29. Internal Verification Checklist
Verify these in the internal CSG/team context:
- Database migration tooling and standards.
- PostgreSQL version and online DDL practices.
- Whether expand/contract is standard.
- Whether app deploys are rolling/multi-version.
- Whether backfill jobs have metadata/progress tables.
- Whether migration exceptions are persisted.
- Whether migration runbooks are required.
- Whether data repair/migration approval is required.
- Whether event/API compatibility policy exists.
- Whether projection rebuild process exists.
- Whether legacy ID mapping tables exist.
- Whether production-like dry runs are required.
- Whether incidents mention blocking migration, failed backfill, partial migration, or schema compatibility failure.
30. Summary
Schema evolution is production data engineering.

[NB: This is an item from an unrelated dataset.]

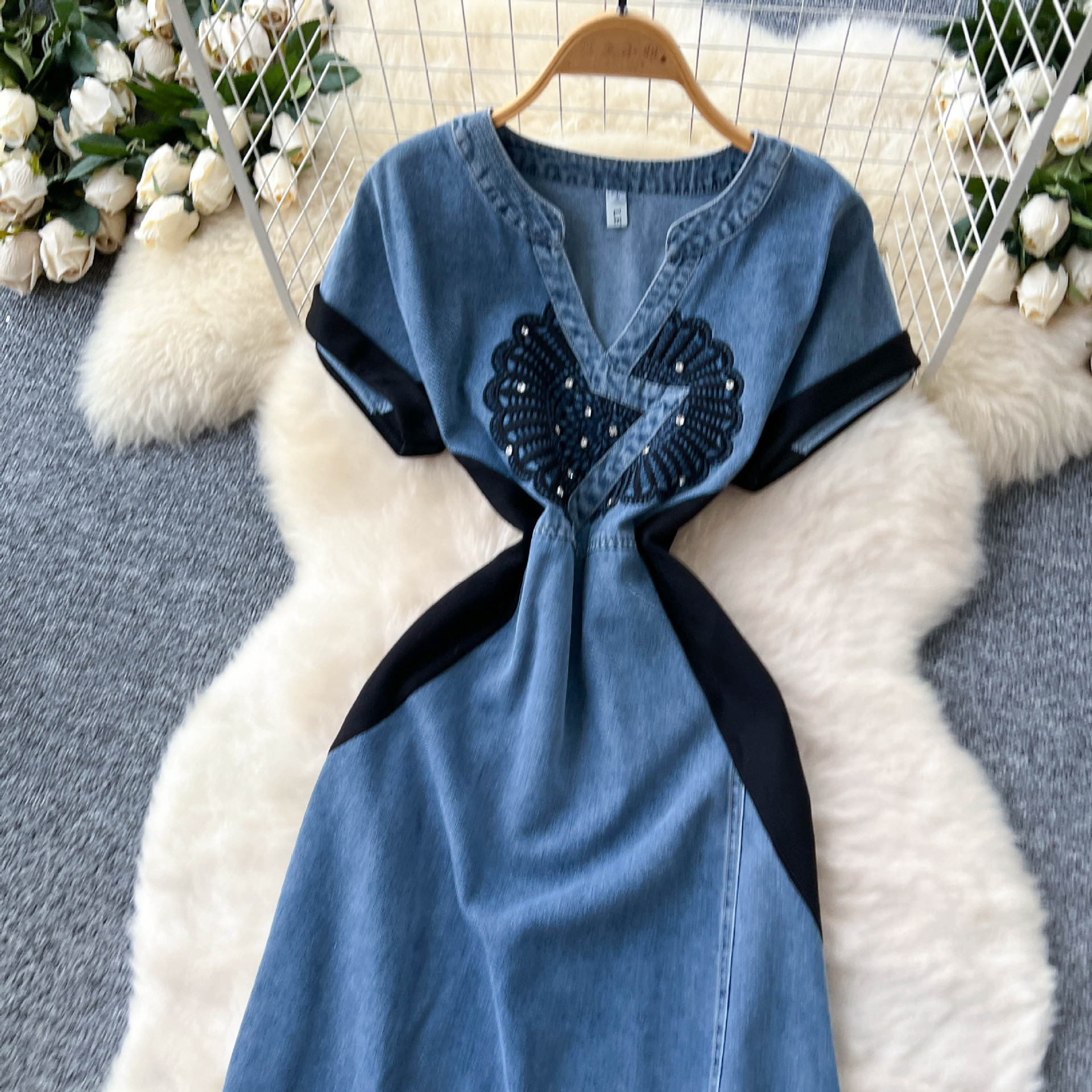 Vintage Elegant Denim Dress Woman 2025 Summer High-End Heavy Industry Diamond Embroidery Waist V-Neck Short-Sleeved Long Dress

A strong model must define:
- migration type,
- expand/contract phases,
- compatibility window,
- migration state,
- batch progress,
- idempotent backfill,
- source of truth,
- exception handling,
- shadow read,
- dual-write risk,
- cutover,
- rollback/forward fix,
- API/event/projection compatibility,
- validation,
- observability,
- runbook.
The key principle:
Production schema change is not a single SQL file. It is a controlled lifecycle that must keep old code, new code, old data, new data, APIs, events, projections, and reports correct during the entire transition.